» **EXERCISE INSTRUCTIONS**
The line with "近日,Wind發布了(le)" marks the start; please set it down along with all later lines through the end of the material, exactly, leaving out pictures.

» **EXTRACTED MATERIAL**
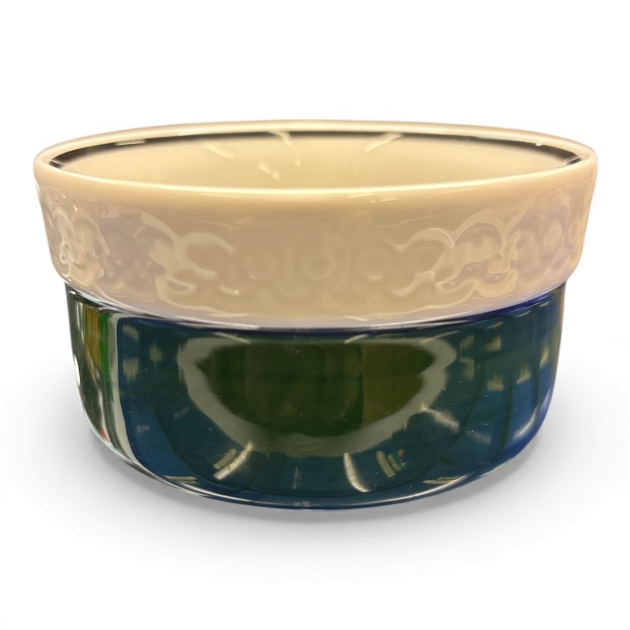Vacker vintage-skål från Rörstrand, ur serien Taffel. Skålen har en dekorativ tvådelad design med blå/grön transparent glasyr på underdelen och en ljusare, mönstrad kant upptill. Kombinationen av färger och reliefdekor ger ett stilfullt och tidstypiskt uttryck som är typiskt för Rörstrands formgivning under mitten av 1900-talet.
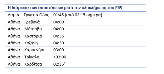 Τέλος, ιδιαίτερη αναφορά πρέπει να γίνει και στην αναπτυξιακή ώθηση που θα προσφέρει ο Ε65 σε πολλούς τουριστικούς προορισμούς της χώρα μας, που με την ολοκλήρωσή του θα είναι προσβάσιμοι, γρήγορα, εύκολα και με ασφάλεια. Ενδεικτικά αναφέρουμε ότι συνολικά το ταξίδι από Λαμία έως και Εγνατία Οδό, μέσω του Ε65 θα διαρκεί 1 ώρα και 45 λεπτά, από 3 ώρες και 15 λεπτά σήμερα.
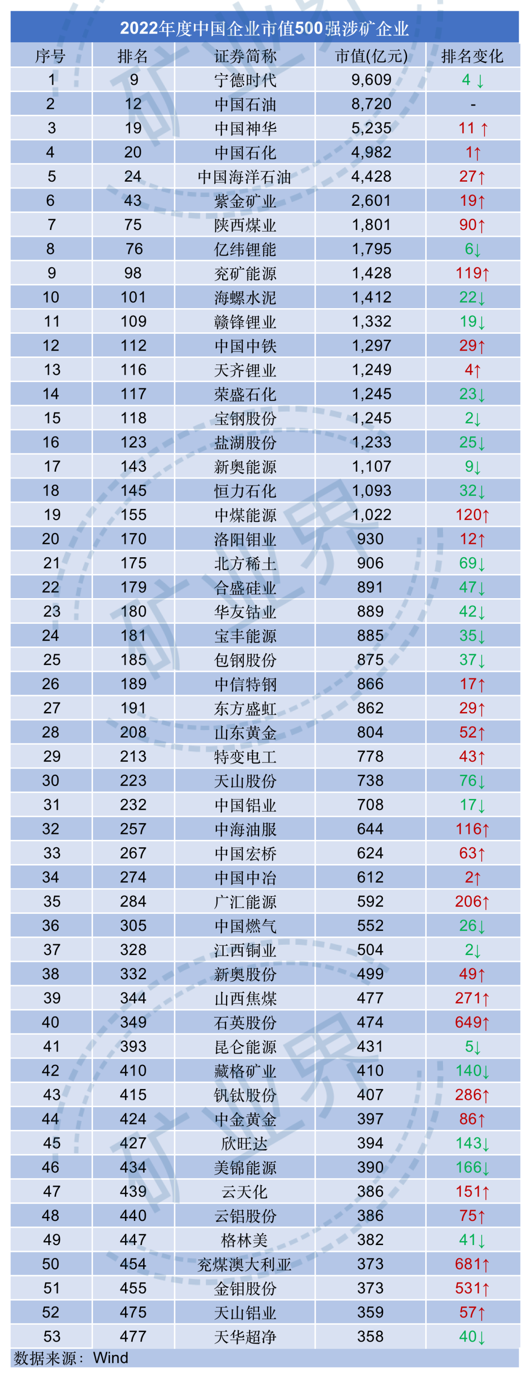 近日,Wind發布了(le)2022年度“中國上(shàng)市企業市值500強”榜單,礦業界梳理(lǐ)發現(xiàn),共有53家涉礦企業入圍排行榜,其中甯德時(shí)代、中國石油、中國神華市值排名涉礦企業前三。
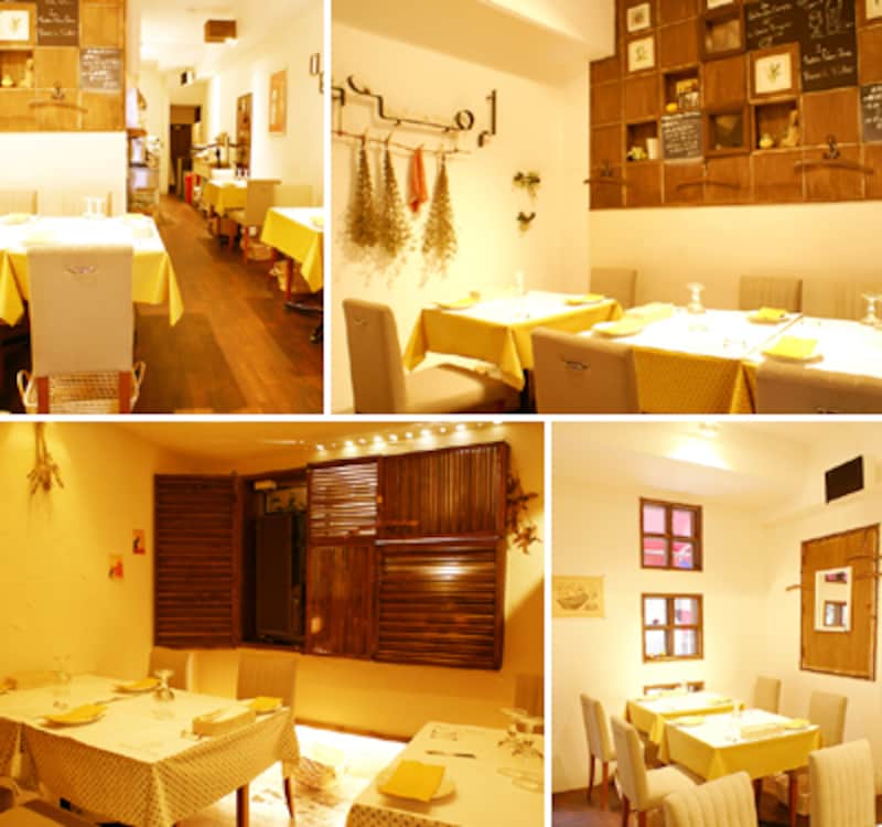 内装はプロヴァンサルプリントのクロスがかけられたテーブルに、座り心地の良い椅子の下には荷物入れのカゴ。黄色をキーカラーとした店内は、寒色系がまったく見当たらず、温かみのある雰囲気があります。また、奥にはビストロには珍しい個室が。グループでの利用もできる、嬉しい配慮です。
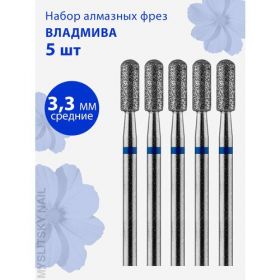 НАЙТИ ВЫГОДНЕЕ - Фреза для маникюра и педикюра алмазная ВладМиВа для кутикулы 806 104 141 524 033 Средняя цилиндр (упаковка 5 шт)
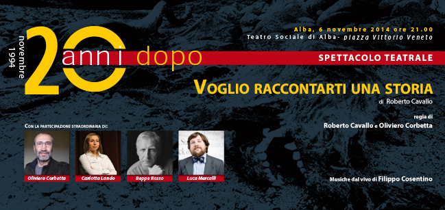 A vent’anni dal tragico evento, lo spettacolo teatrale “Voglio Raccontarti una Storia” di Roberto Cavallo al Teatro Sociale di Alba giovedì 6 novembre alle 21. di Giuseppe Totaro Per non dimenticare. Per coltivare il ricordo. Per ricordarci che bisogna sempre tenere alto il livello di guardia di fronte alle calamità naturali. A vent’anni dalla tragica … Leggi tutto
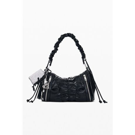 クラッシュ加工を施したレザーライク素材の立体的なギャザーボディが印象的なミディアムショルダーバッグ。シルバーのスター&チャーム付き。
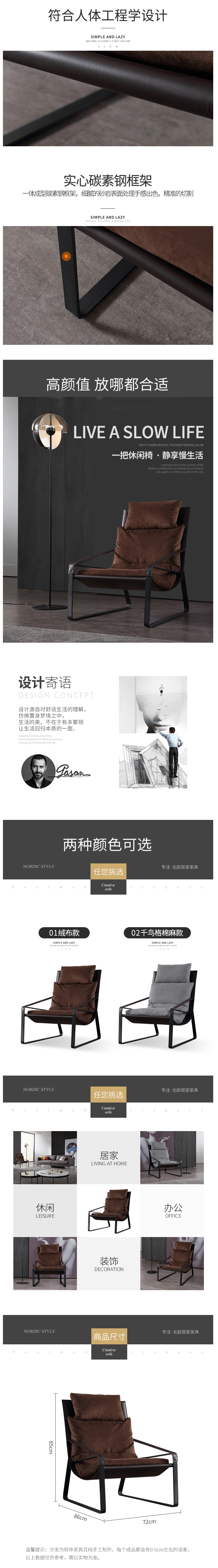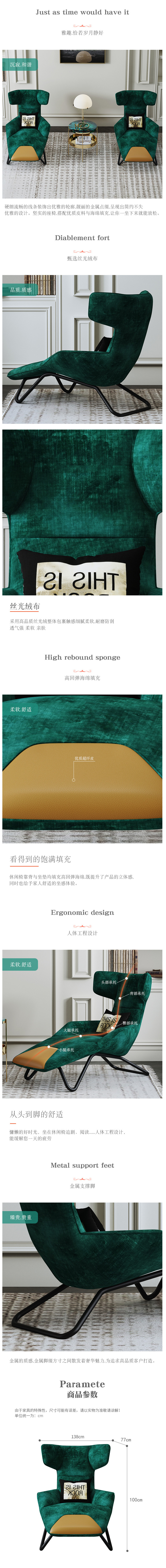 > 意式風(fēng)格單人沙發(fā) 北歐設(shè)客廳休閑椅子躺椅絨布座包老虎椅
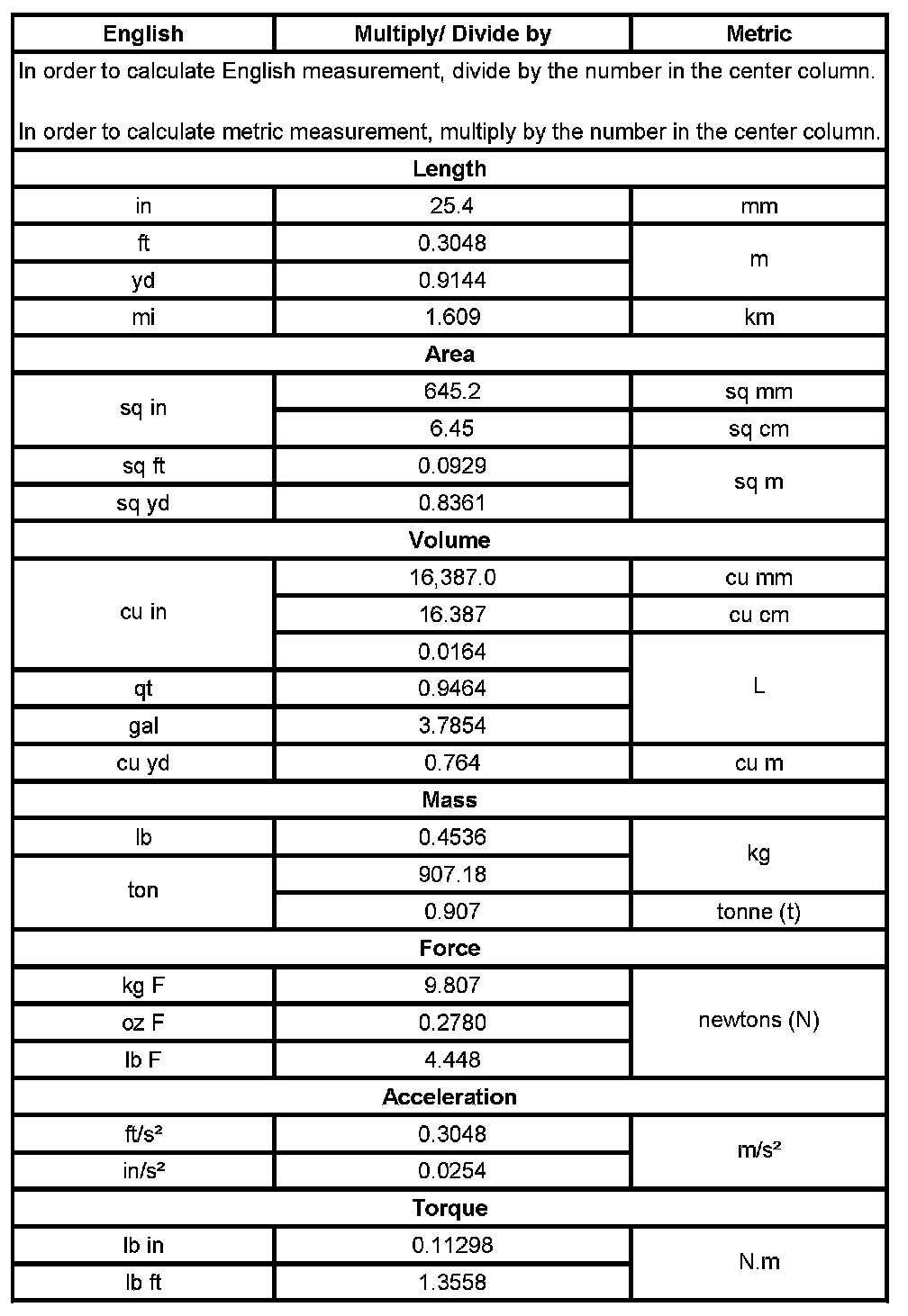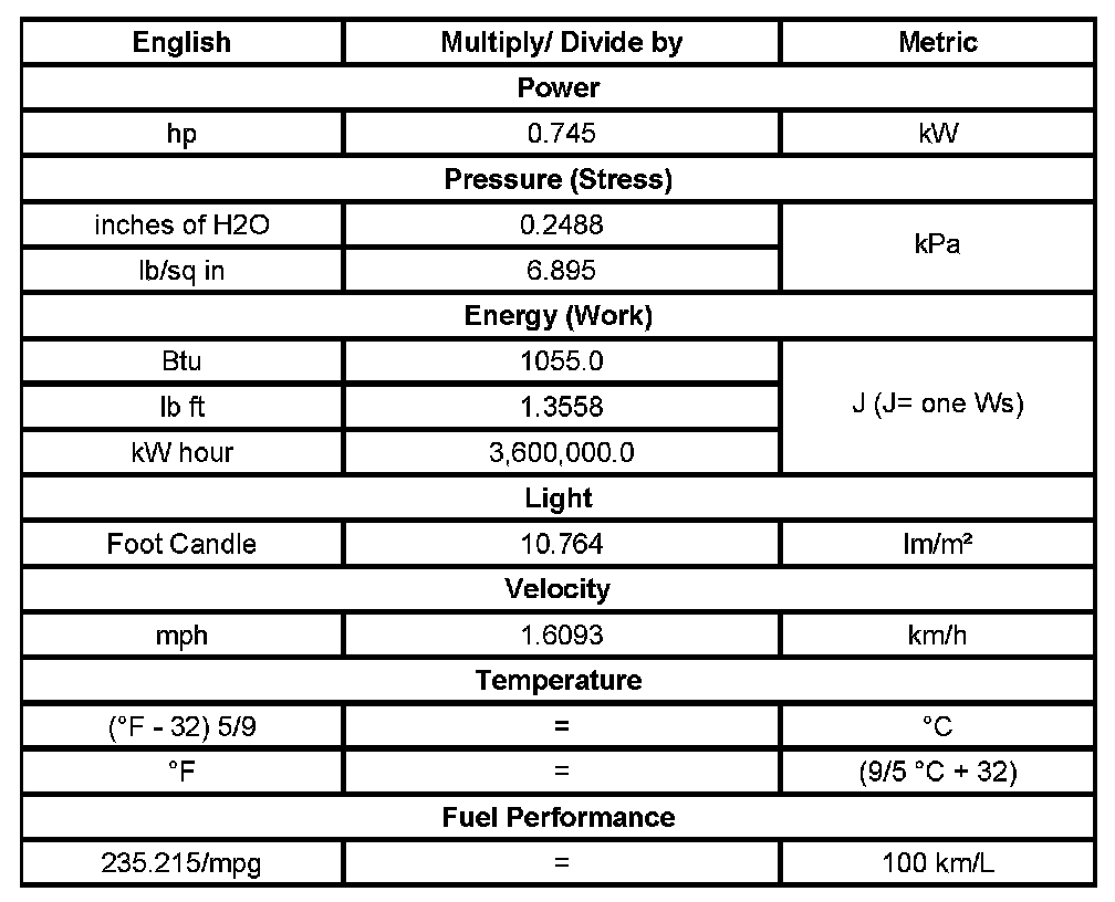 US English/Metric Conversion

» **SOLUTION**
 近日,Wind發布了(le)2022年度“中國上(shàng)市企業市值500強”榜單,礦業界梳理(lǐ)發現(xiàn),共有53家涉礦企業入圍排行榜,其中甯德時(shí)代、中國石油、中國神華市值排名涉礦企業前三。
 内装はプロヴァンサルプリントのクロスがかけられたテーブルに、座り心地の良い椅子の下には荷物入れのカゴ。黄色をキーカラーとした店内は、寒色系がまったく見当たらず、温かみのある雰囲気があります。また、奥にはビストロには珍しい個室が。グループでの利用もできる、嬉しい配慮です。
 НАЙТИ ВЫГОДНЕЕ - Фреза для маникюра и педикюра алмазная ВладМиВа для кутикулы 806 104 141 524 033 Средняя цилиндр (упаковка 5 шт)
 A vent’anni dal tragico evento, lo spettacolo teatrale “Voglio Raccontarti una Storia” di Roberto Cavallo al Teatro Sociale di Alba giovedì 6 novembre alle 21. di Giuseppe Totaro Per non dimenticare. Per coltivare il ricordo. Per ricordarci che bisogna sempre tenere alto il livello di guardia di fronte alle calamità naturali. A vent’anni dalla tragica … Leggi tutto
 クラッシュ加工を施したレザーライク素材の立体的なギャザーボディが印象的なミディアムショルダーバッグ。シルバーのスター&チャーム付き。
 > 意式風(fēng)格單人沙發(fā) 北歐設(shè)客廳休閑椅子躺椅絨布座包老虎椅
 US English/Metric Conversion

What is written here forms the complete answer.